Karen Read AM

Personal information
- Full name: Karen Read
- Born: 31 August 1959 (age 66) North Fremantle, Western Australia
- Batting: Right-handed
- Bowling: Right-arm medium
- Role: Batter

International information
- National side: Australia (1982–1986);
- Test debut (cap 97): 21 January 1984 v India
- Last Test: 25 January 1985 v England
- ODI debut (cap 33): 20 January 1982 v International XI
- Last ODI: 25 January 1986 v New Zealand

Domestic team information
- 1975/76–1990/91: Western Australia

Career statistics
| Competition | WTest | WODI | WFC | WLA |
| Matches | 3 | 20 | 38 | 51 |
| Runs scored | 62 | 336 | 915 | 874 |
| Batting average | 15.50 | 21.00 | 27.78 | 21.85 |
| 100s/50s | 0/0 | 0/1 | 0/6 | 0/4 |
| Top score | 21 | 56 | 75 | 75 |
| Balls bowled | – | – | 100 | 6 |
| Wickets | – | – | 0 | 0 |
| Bowling average | – | – | – | – |
| 5 wickets in innings | – | – | – | – |
| 10 wickets in match | – | – | – | – |
| Best bowling | – | – | – | – |
| Catches/stumpings | 0/– | 4/– | 8/– | 10/– |
- Source: CricketArchive, 26 January 2023

= Karen Read (cricketer) =

Australian cricketer (born 1959)

Karen Read (born 31 August 1959) is an Australian former cricketer who played as a right-handed batter. She appeared in three Test matches and 20 One Day Internationals for Australia. She played domestic cricket for Western Australia.

==Career==

At state cricket level, Read played for Western Australia between 1975 and 1991. Read was a member of the Australian team that won the 1982 Women's Cricket World Cup.
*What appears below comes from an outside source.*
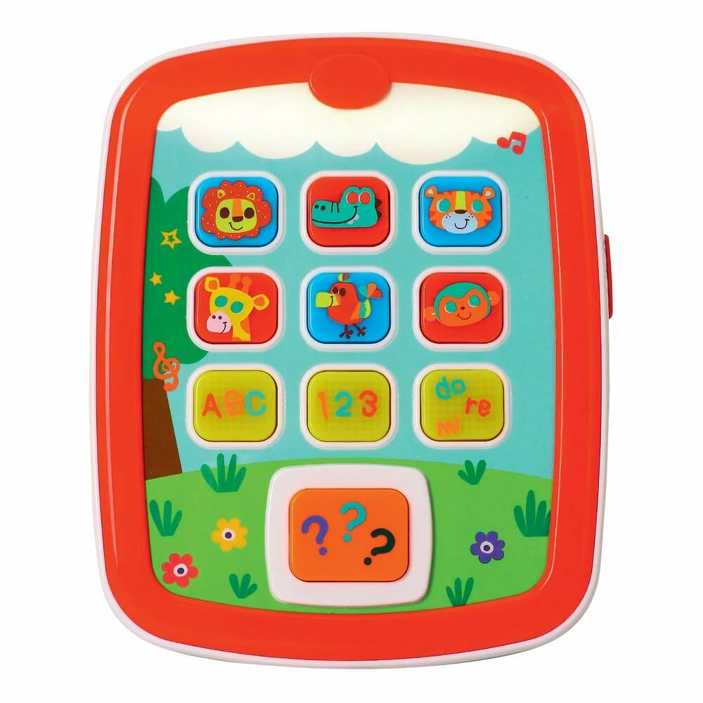 Tablette avec effets sonores et lumineux. Pour découvrir et apprendre les lettres, les chiffres et les animaux. Amusant. Facile à manipuler. Ce jouet comporte des effets sonores et des lumières clignotantes pour stimuler la curiosité, les sens de votre bébé et pour développer ses habiletés cognitives. Touche des lettres : appuie sur une touche pour entendre la lettre correspondante accompagnée d’une lumière clignotante ; cela encourage votre bébé à répéter les lettres et à apprendre l’alphabet. Touche des chiffres. Boutons des animaux : appuie sur le bouton d’un animal pour activer des sons d’animaux, de la musique et des effets sonores. Touches Do, Ré, Mi : appuie sur une touche pour jouer la note correspondante avec un accompagnement musical. Avec arrêt automatique et réglage du volume sonore. En plastique.

In 2014, the Western Australian Cricket Association introduced the Karen Read Medal. In 2015, Read was made an honorary life member of the Western Australian Cricket Association. She also captained the Australia under-23 and under-25 teams.

Read has a doctorate in education. Read has been a secondary school principal since 2003. She is a committee member of the Western Australian Secondary School Executives Association. In those roles, Read promoted cricket in schools.

Read was appointed a Member of the Order of Australia in the 2025 Australia Day Honours for "significant service to cricket, and to secondary education".